May 26, 2013

Father of Kelsey Smith speaks about signing of law bearing her name (AUDIO)

Governor Jay Nixon’s signature on a law to help law enforcement find the cell phones of missing persons is a welcome sight to a Kansas father.

Kelsey Smith stands between her mother, Missey, and her father, Greg, who lobbied in Missouri for the passage of the law bearing her name.

Kansas state representative Greg Smith and his wife lobbied in Missouri for the fourth time, this year, for the passage of the law named for their daughter, Kelsey, who was kidnapped and murdered in 2007.

For four days while Kelsey was missing, her cell phone service provider would not give law enforcement information on the location of her phone. Once they released that information, it took only 45 minutes to find her body.

Kelsey’s Law requires cell phone providers to share location information for a missing person’s cell phone with a law enforcement agency, when that agency makes the determination that missing person is in danger.

Smith says he knows this law will save lives. He says in other states, it already has.

“There have been cases where someone may have gone missing, say, due to Alzheimer’s or dementia. They wandered off but they had a cell phone and law enforcement was able to utilize the technology to find that person before any harm could come to them. We know of a stroke victim that was unable to speak but he could continually dial his home phone number from his cell phone. That was the only thing he could remember to do and that was enough and law enforcement used the Kelsey Smith Act and they were able to find this gentlemen and get him to a hospital.”

See our earlier story on the legislation, HB 1108.

Missouri becomes the eighth state to enact Kelsey’s Law. Smith says there is an effort to pass the law at the federal level as well, and Alberta, Canada is also close to passing it.

Smith says he see this law, and the lives it saves, as a legacy for Kelsey. “I’d take it all back to have Kelsey back, but the fact that we’ve done something … that she’s done something to keep other families from having to go through what we went through and what she went through … it’s nice to know that.”

AUDIO:  Mike Lear interviews Greg Smith

Bill would require ‘pings’ of missing persons’ cell phones

A House Committee has heard testimony on a bill that would clear the way for cell phone companies to provide cell phone location information to law enforcement in certain missing persons cases.

Greg and Missey Smith call the bill "Kelsey Smith's law," for their daughter (pictured).

The language of House Bill 1108 has been introduced three previous times in Missouri, and has been passed out of the House but never out of the Senate.
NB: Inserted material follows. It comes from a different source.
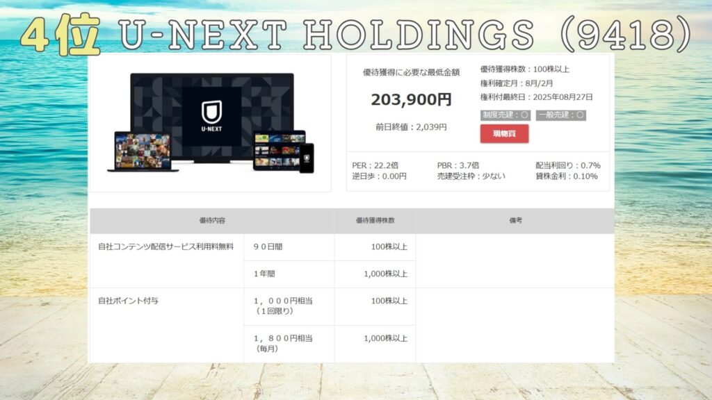 株主優待の内容は8月2月のねん2回、自社コンテンツ配信サービスU-NEXTの無料サービスやポイントが貰えるよ。

It would require companies to locate, or “ping” a cell phone, when law enforcement requests that information in emergencies in which a missing person is in danger of serious physical injury or death. It also protects cell phone companies from being sued for providing that information under the guidelines of the bill.

Missey Smith has advocated for the bill each time. “It’s time that this gets changed.”

Missey and her husband, Greg Smith, are proponents of the bill commonly named for their daughter Kelsey, who was kidnapped from Overland Park, Kansas and found murdered in southern Jackson County in 2007.

Greg, now a legislator in Kansas, says if such language had been law then Kelsey might have been saved. “June 2, 2007 was the night she went missing and she was found four days later … Once that information was released by the cell phone company it only took forty-five minutes to recover her body.” A former police officer, he adds, “If you can get that kind of response in a missing person case, that’s just absolutely light years ahead of what we’re doing right now.”

Missey says the bill changes one component of current law. “They may turn this information over already. So, they’ve already got all of this in place. The Kelsey Smith Act, or this legislation, states they will. That’s the difference. It goes from ‘may’ to ‘shall.’”

No one testified against the bill in the hearing of the House Committee on Utilities.

Learn more about the effort to remember Kelsey, and pass the law named for her.

Missey says it is frustrating the bill has not become law yet, and its sponsor agrees.

This is the first year Representative Jeanie Lauer (R-Blue Springs) has carried the language. “We have history and tracking that shows that this legislation is great, it’s in other states and it is time for Missouri to step up to the plate.”

The bill is currently law in Kansas, Nebraska, Minnesota, New Hampshire and North Dakota. It is being considered this year in Hawaii and the Smiths say it could be taken up later this year in Massachusetts and Illinois. The Smiths says they know of two cases in the states where the law has passed in which cell phone location information has led to the safe recovery of a missing person.

Missy says she will be back in Missouri as needed to push for the bill to become law this year. “Whatever it takes to get it done.”